THE INPUT START

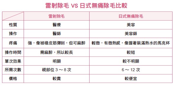 所以,如果超怕痛、希望有除毛效果,但不求快速,可以考慮日式除毛。如果願意花錢,可以接受一些疼痛,希望效果好、速度快,就考慮雷射除毛。
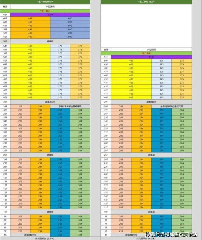 1栋1单元和1栋2单元,楼层户型价格表已整理
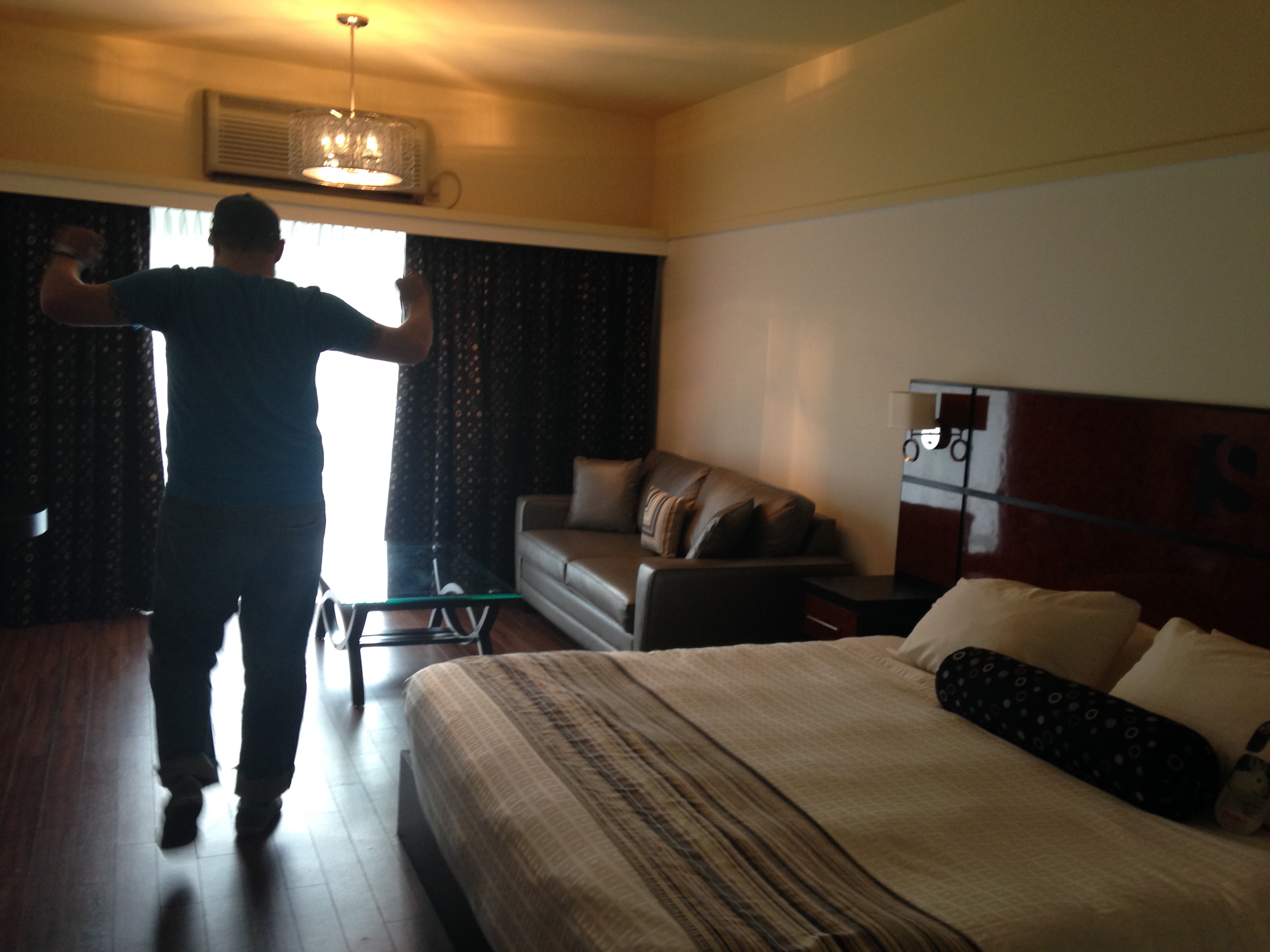 My dad booked us a room at a hotel just down the road from John and Connie (called Samuels) and we were lucky to get upgraded to a room overlooking the river. It was very nice. Just look at Kirby jumping for joy!
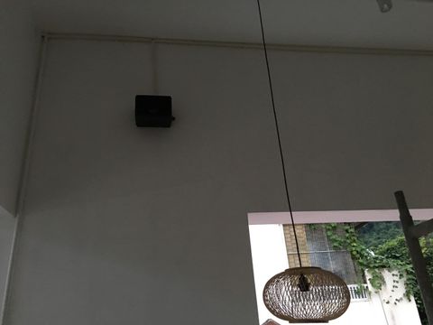 Loa thiết kế nhỏ gọn, màu đen dễ dàng phối màu với không gian của quán
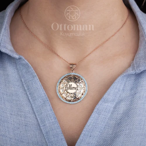 Kolyenin etrafında yer alan Bakara Suresi’nin 286. Ayeti, hem manevi koruma hem de huzur getirir. Bu ayet, İslam dünyasında derin bir anlam taşır ve kişinin ruhsal olarak korunmasına yardımcı olur. Kolyenin bu ayetle süslenmiş olması, kullanıcısına ilahi bir güvence ve manevi huzur sağlar.
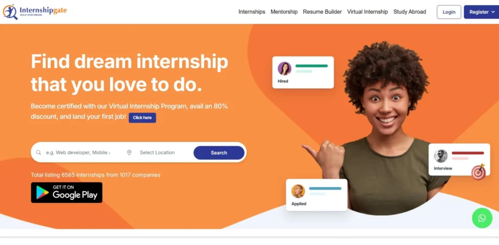 This platform offers a “Remote Internship” program that allows students to connect with industry mentors for trending projects. The program is highly structured and recognized by many Indian employers. Moreover, this program is the best for creating a solid foundation for a corporation.
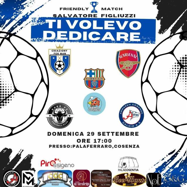 Salvatore Figliuzzi, era un ragazzo di 18 anni deceduto per un malore mentre stava giocando a calcetto con gli amici. A distanza di 5 anni, domenica 29 Settembre 2024, amici e parenti si ritroveranno al Pala Ferraro di Cosenza per una partita amichevole di calcetto
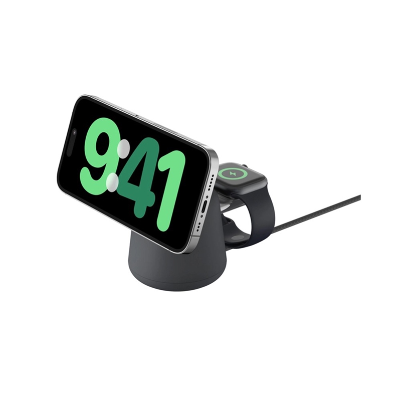 این داک شارژ فوقالعاده راحت، 15 وات شارژ بیسیم سریع را به آیفون 12 و بالاتر، اپل واچ 4 و بالاتر و بسیاری از مدلهای ایرپاد شما ارائه میکند.

THE INPUT END

WORK TASK: Word for word, write out each line of the records, but leave the pictures behind.

RESULT:
 所以,如果超怕痛、希望有除毛效果,但不求快速,可以考慮日式除毛。如果願意花錢,可以接受一些疼痛,希望效果好、速度快,就考慮雷射除毛。
 1栋1单元和1栋2单元,楼层户型价格表已整理
 My dad booked us a room at a hotel just down the road from John and Connie (called Samuels) and we were lucky to get upgraded to a room overlooking the river. It was very nice. Just look at Kirby jumping for joy!
 Loa thiết kế nhỏ gọn, màu đen dễ dàng phối màu với không gian của quán
 Kolyenin etrafında yer alan Bakara Suresi’nin 286. Ayeti, hem manevi koruma hem de huzur getirir. Bu ayet, İslam dünyasında derin bir anlam taşır ve kişinin ruhsal olarak korunmasına yardımcı olur. Kolyenin bu ayetle süslenmiş olması, kullanıcısına ilahi bir güvence ve manevi huzur sağlar.
 This platform offers a “Remote Internship” program that allows students to connect with industry mentors for trending projects. The program is highly structured and recognized by many Indian employers. Moreover, this program is the best for creating a solid foundation for a corporation.
 Salvatore Figliuzzi, era un ragazzo di 18 anni deceduto per un malore mentre stava giocando a calcetto con gli amici. A distanza di 5 anni, domenica 29 Settembre 2024, amici e parenti si ritroveranno al Pala Ferraro di Cosenza per una partita amichevole di calcetto
 این داک شارژ فوقالعاده راحت، 15 وات شارژ بیسیم سریع را به آیفون 12 و بالاتر، اپل واچ 4 و بالاتر و بسیاری از مدلهای ایرپاد شما ارائه میکند.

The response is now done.